Saylor yaygın biçimde bir Bitcoin maksimalisti olarak görülse de çerçevesi, tüm dijital varlıklar için evrensel standartlar öneriyor.
“Dijital mallar” olarak Bitcoin gibi dijital varlıkları, token lehinde veya borç olarak “dijital menkul kıymetler”, fiat tarafından desteklenen “dijital para birimleri” ve kullanışlılık sunan “dijital tokenler” dahil olmak üzere dijital varlıkları sınıflandıracak kapsamlı bir taksonomi oluşturmayı önerdi.
Fiziksel varlıklar gibi altın ve petrol ile bağlantılı jetonlar ve değiştirilemez jetonlar (NFT’ler) de açıkça kategorize edilir.
Saylor’ın önerisi, ihraççılar, borsalar ve dijital varlık ekosistemindeki diğer katılımcılar için haklar ve sorumluluklardan oluşan sağlam bir çerçeve çağrısında bulunuyor.
Bu çerçeve şeffaflığı, yerel yasalara uyumu ve hesap verilebilirliği sağlamalıdır.
“Kimsenin yalan söyleme, hile yapma veya çalma hakkı yoktur. Tüm katılımcılar eylemlerinde sivil ve cezai olarak sorumludur,” diye vurguladı.
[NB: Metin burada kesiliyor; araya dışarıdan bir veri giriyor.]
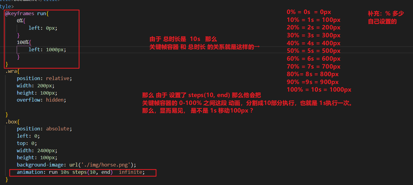有些人,可能不是很理解 关键帧容器,和 steps 之间的关系,没关系,看下面的图解
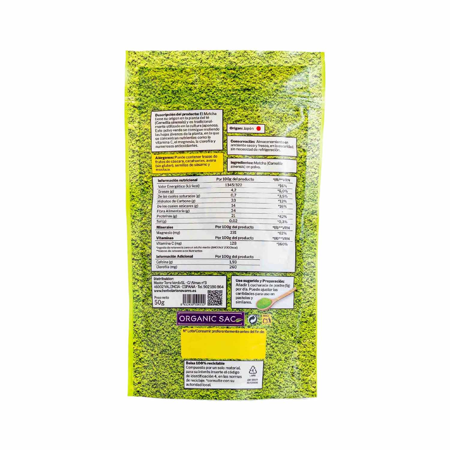 Opiniones de Bio Té Matcha en polvo 50g Organic Sac

Yeniliği teşvik etmek için Saylor, token ihraç maliyetlerinin bir firmanın yönetim altındaki varlıklarının %1’i ile sınırlanmasını ve yıllık bakım maliyetlerinin 10 baz puanı aşmamasını savunuyor.
Bu yaklaşımın, token ihraç maliyetini 10-100 milyon dolardan 10-100 bin dolara önemli ölçüde düşürebileceğini ve yeni dijital varlıkların piyasaya sürülme süresini dakikalara indirebileceğini savundu.
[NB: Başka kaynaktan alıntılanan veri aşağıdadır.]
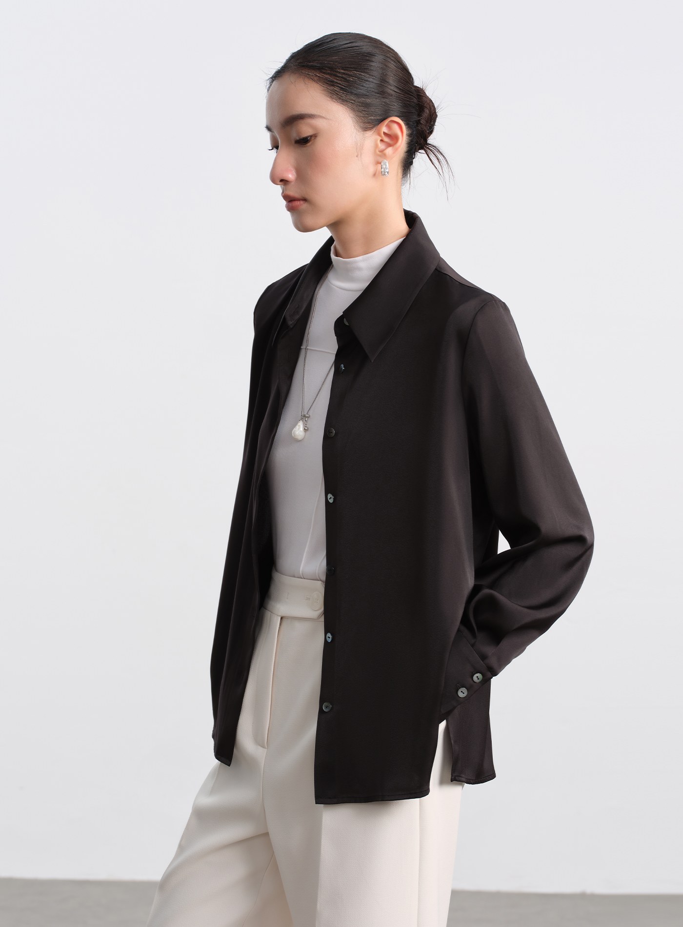 工裝風口袋紋理感雪紡襯衫$73 USD

Saylor, Stablecoin Piyasasını Büyütmeyi Öneriyor
Saylor’un vizyonunun merkezinde, ABD dolarını “küresel rezerv dijital para birimi” olarak konumlandırmak yer alıyor.
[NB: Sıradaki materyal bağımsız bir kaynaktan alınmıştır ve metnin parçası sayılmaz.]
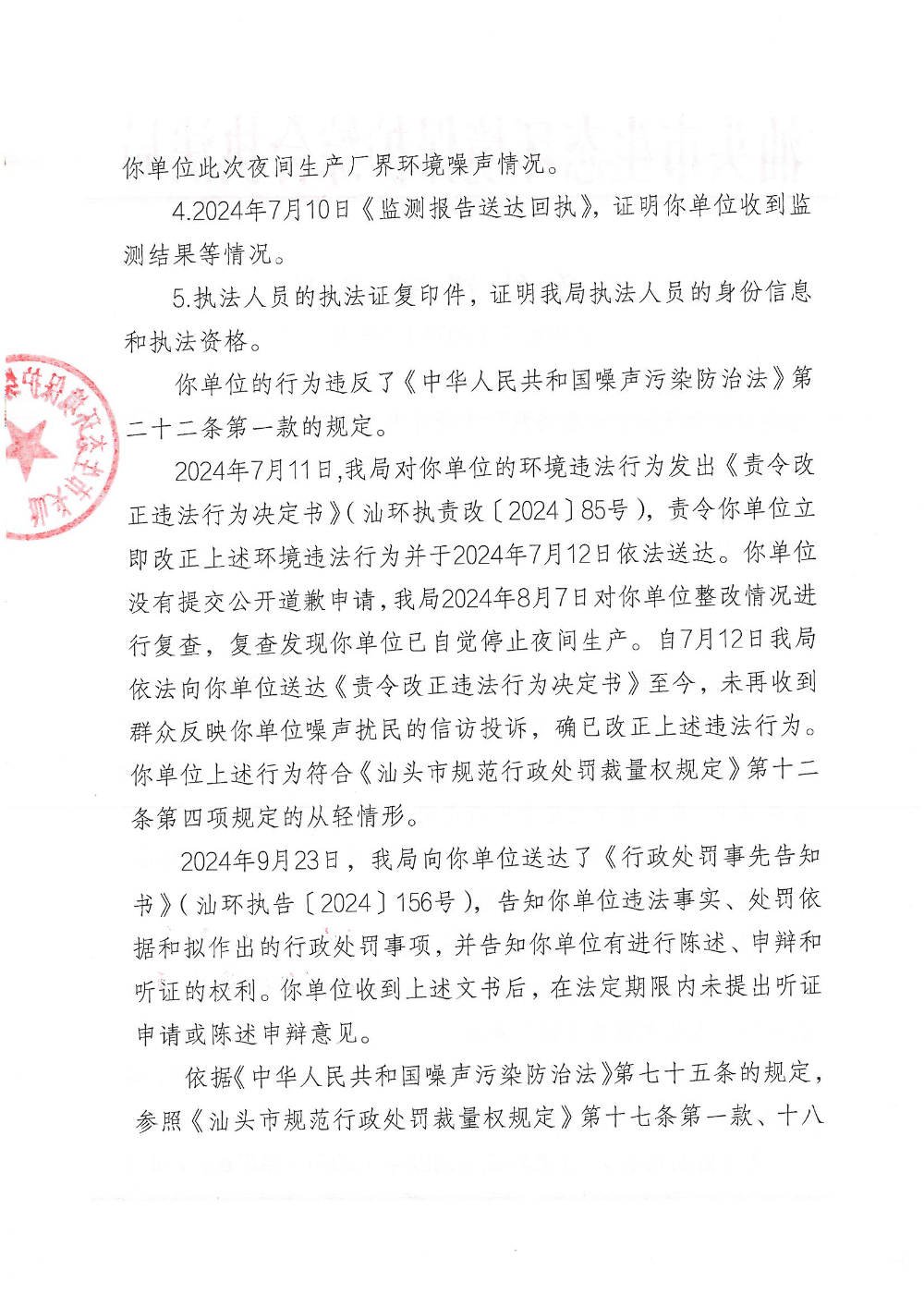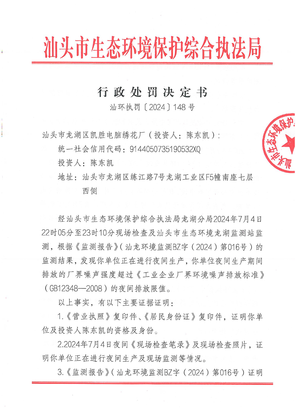 【龙湖】行政处罚决定书(汕环执罚〔2024〕148号)

Mevcut 25 milyar dolardan 10 trilyon dolara çıkarmayı öneriyor ve bu durumun ABD Hazineleri için önemli bir talep yaratacağını ve doların hakimiyetini güvence altına alacağını söylüyor.
Saylor ayrıca, Cynthia Lummis gibi senatörler ve Başkan seçilen Trump gibi yasa koyucular tarafından desteklenen bir stratejik Bitcoin rezervinin kurulmasını destekliyor.
Saylor, rezervin boyutunu belirtmese de servetin 16 ila 81 trilyon dolar arasında bir yere ulaşabileceğini, potansiyel olarak ABD’nin 36 trilyon dolarlık ulusal borcunu silebileceğini ileri sürdü.
Trump, hükümetin suç yoluyla ele geçirilen 198.000 BTC’yi elinde tutma taahhüdünü yineledi ve yakın zamanda bir Bitcoin rezervini desteklediğini dile getirdi.